Postby DaddyLes » Fri Nov 25, 2016 10:48 am

I'm not much of a roleplayer, so I figured I'd start with some storytelling, by way of blog. I'll post it here, too, since Aidan Temple is my DJ's persona.

***

I used to believe in magic.

'Solitary practitioner' was the term, back in the day. Back before the Internet, you were pretty much by yourself, if you didn't have a mentor, or a bunch of like-minded friends. The old adage of a mentor arriving when you are ready for them is true enough, but I didn't need one for very long. Once I had a firm grounding in the fundamentals, I moved on and made do by myself. Too much dogma for my taste, and far too controlling. But she did give me a solid base upon which to build, and for that I should be grateful. She taught me to breathe, and through breath, to focus. To meditate. Through breath, she taught me to draw power, and in the drawing, learn to sense it. And beyond sensing, to control. To shape.

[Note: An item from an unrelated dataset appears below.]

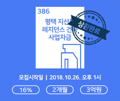[데일리펀딩] 데일리 386호(평택)상품 상환 완료 공지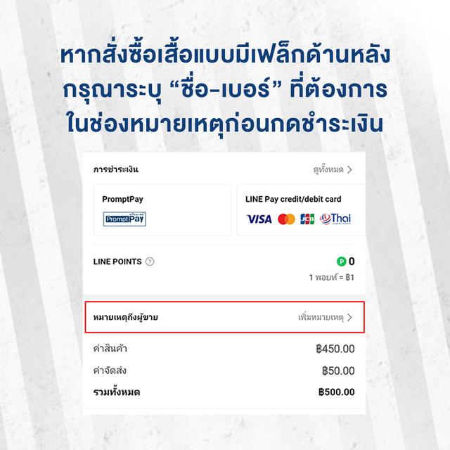 *โปรดระบุชื่อเเละเบอร์ที่จะสกรีนในหมายเหตุให้ครบ*

Four years later, I had enough skill to get by. And I did pretty well for myself. With a magician's cultivated good fortune, I had more than enough money to get by. Events conspired naturally in my favour, both the result of my disciplined attitude - for a disciplined mind attracts the circumstances it allows itself to dwell upon - and from the workings I performed from time to time. And with time, I needed to rely on those workings less and less often, as is normal for a magical practitioner. I understood that magic is a thing of subtle influence, and I utilised those influences to get me what I wanted out of life. Better grades at school than I had earned, for example. A string of relationships - both long-term and short - with girls and women who found themselves attracted to me in a way they weren't attracted to other men. An edge over other job applicants. Stuff like that. By the age of thirty-two, I had what I wanted out of life, including a career that balanced ease and lack of responsibility with the kind of wage I wanted, and a wife and a baby daughter who I loved with all my heart.

And then a bug crawled in my mouth while I slept, next to my wife. While our baby girl slept between us.

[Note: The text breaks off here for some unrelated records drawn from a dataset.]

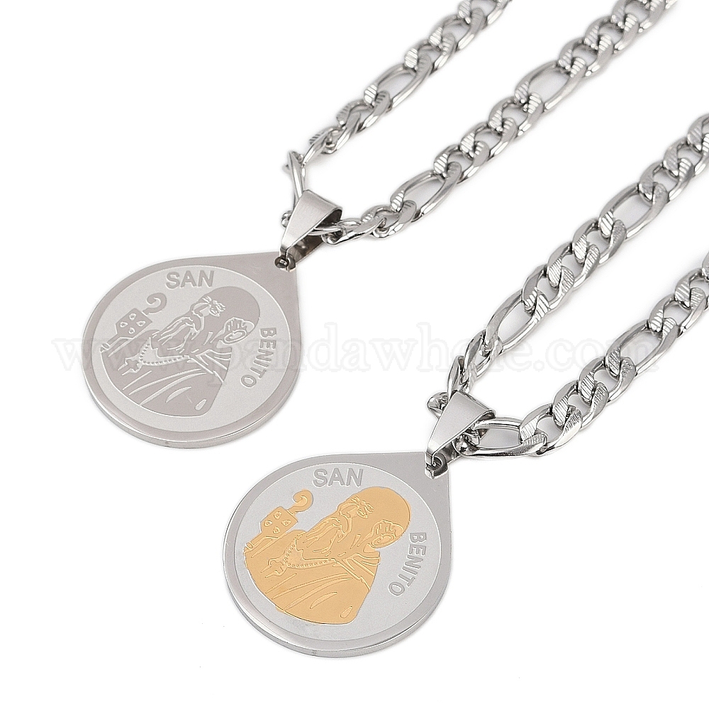 Капля с рисунком отца святого Бенедикта 201 ожерелья из нержавеющей стали с подвеской для мужчин и женщин, ожерелья из цепочек Фигаро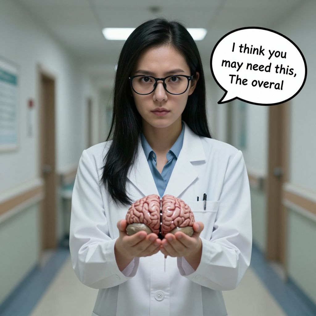Photograph of an Asian woman with black hair, glasses, and white lab coat holding a realistic brain model, saying, "I think you may need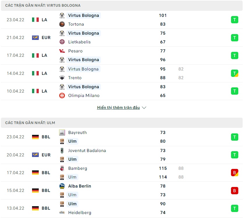 Phong độ gần đây Virtus Bologna vs Ratiopharm Ulm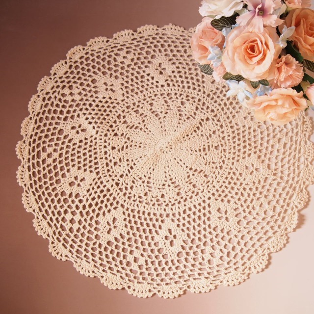 ハンドメイド レース ドイリー 手編み コットン マリアンヌ ベージュ 49 アンティーク調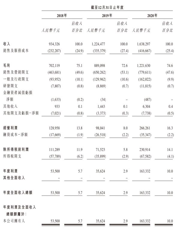 招股书显示,公司已在中国50个城市经营51家医疗机构,并配有约1200人的医疗团队,其中包括229名注册医生和930名护士;此外,其总收入从2018年的9.34亿人民币增长到2020年的16.4亿人民币,毛利常年维持在了70%以上。

You know some of what happened next. The onset of the power. The loss - and then learning - of the rudiments of control. I left at the first sign, and I stayed away until I could consciously control the raw power that my newly-transformed body wicked from the very fabric of the universe. Then I focused on learning to control it unconsciously, until I knew that control wouldn't slip from my grasp when I got distracted or angry, or when I was asleep. Being a magician helped with that. I already understood the fundamentals of control and intention, and I had a handle on how to shape energy to my will, albeit on a far smaller scale. But the mechanism is the same - it starts and ends with the control of one's own thoughts, until they are as reliable and dexterous as the fingers on your hand. With my head start, it only took a week, and throughout that time I stayed in touch with Christine. Christine, who already knew about and believed in magic. Christine, who trusted me, as always, to do what was right for our family. Christine, my love.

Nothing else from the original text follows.